Trading in Vin Diesel (his character is written out by someone saying that he got killed in Bora Bora) for Ice Cube is no improvement; not only is he not the most expressive actor, but he's not that convincing in action (when he's being chased by Scott Speedman you just KNOW that Speedman would catch him like that (snaps fingers) in real life). In fairness to Mr. Cube, he's far from the only thing wrong with this; Simon Kinberg's screenplay seems not only to have been aimed at emotionally and intellectually stunted 13-year-olds but written by them as well, with the plot starting idiotically and continuing from there - the villainous Secretary of Defence played by Willem Dafoe is so pantomime villainous that when he makes a speech to Jackson you're surprised he doesn't laugh maniacally.
Suspending disbelief is one thing, but when you have a movie that expects people to believe that tanks can be handled like motorbikes... and which works in such daft plot turns as characters having their deaths faked just so they can be around for the climax (why not just kill them there?)... and that has a finale which depends on a car and a Presidential bullet train being able to fit on the same track despite the car being a compact if speedy sports car... in this case it's just impossible. Admittedly it doesn't help that said scenes are incompetently executed thanks to shockingly bad special effects and shoddy direction; some of the miniatures are glaringly obvious, and I particularly hope that lead effects house Industrial Light and Magic didn't do the CGI bullet train shots. And as for the way some of the shots go from film to what looks like video and back again...

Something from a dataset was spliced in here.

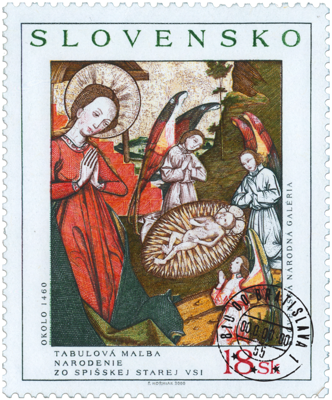 Ministerstvo dopravy, pôšt a telekomunikácií SR vydalo dňa 17.10.2000 príležitostnú poštovú známku série Umenie reprodukujúcu gotickú tabuľovú maľbu "Narodenie" pochádzajúcu z kostola v Spišskej Starej Vsi (v majetku Slovenskej národnej galérie) s nominálnou hodnotou 18 Sk. Ryteckú transkripciu diela vytvoril František Horniak. Viacfarebnú známku o rozmeroch obrazovej časti 40 x 50 mm (na výšku) vytlačila Poštovní tiskárna cenin Praha, a.s., technikou 5-farebnej oceľotlače z plochých platní na tlačových listoch so 4 známkami a nepotlačeným kupónom. Súčasne bola vydaná obálka prvého dňa vydania vrátane príležitostnej pečiatky s domicilom Spišská Stará Ves. Na FDC je výrez z oltárnej tabule. Rytec FDC a autor...

The cast isn't much good either, although it's fun to see Peter Strauss as the President (in spite or because of his not sounding like he believes a word of this); Xzibit not only helps parts of this seem like "Pimp My Ride: The Movie" but he can't act, Dafoe is Special Guest Villain level, and Jackson phones it in. As for the female characters, Nona Gaye and Sunny Mabrey are pretty much defined by their cleavage and by the fact that one's good and the other (the one who looks like a cross between Nicolette Sheridan and Rachel Bilson) isn't. (The movie can't even be laddish properly; for some reason the sexiest woman in the movie (Masuimi Max, who plays Xzibit's girlfriend and who helps out with the robbery of the artillery-carrying cheese truck) isn't listed in the credits.) And the tiresome, crowbarred-in rap numbers don't help, certainly not compared to Marco Beltrami's score. (Ironically, at one point on hearing the female string quartet Bond our hero complains about the music; they are not to blame for the aural wrongs.)
"xXx2: Whatever" is so unexciting and so absurd that despite its stabs at relevance (our hero claims Dafoe is hatching "World War IV"), the only way to get through it is as a laugher; the sight of Ice Cube in a suit and tie (with umbrella!) is funnier than his intentional attempt at comedy later in the same scene. To make it worse, the last scene leaves the door wide open for a third movie... if it does happen, why not cast Scarlett Johansson or Charlotte Church as the new Triple X? It's not like realism is a key factor here.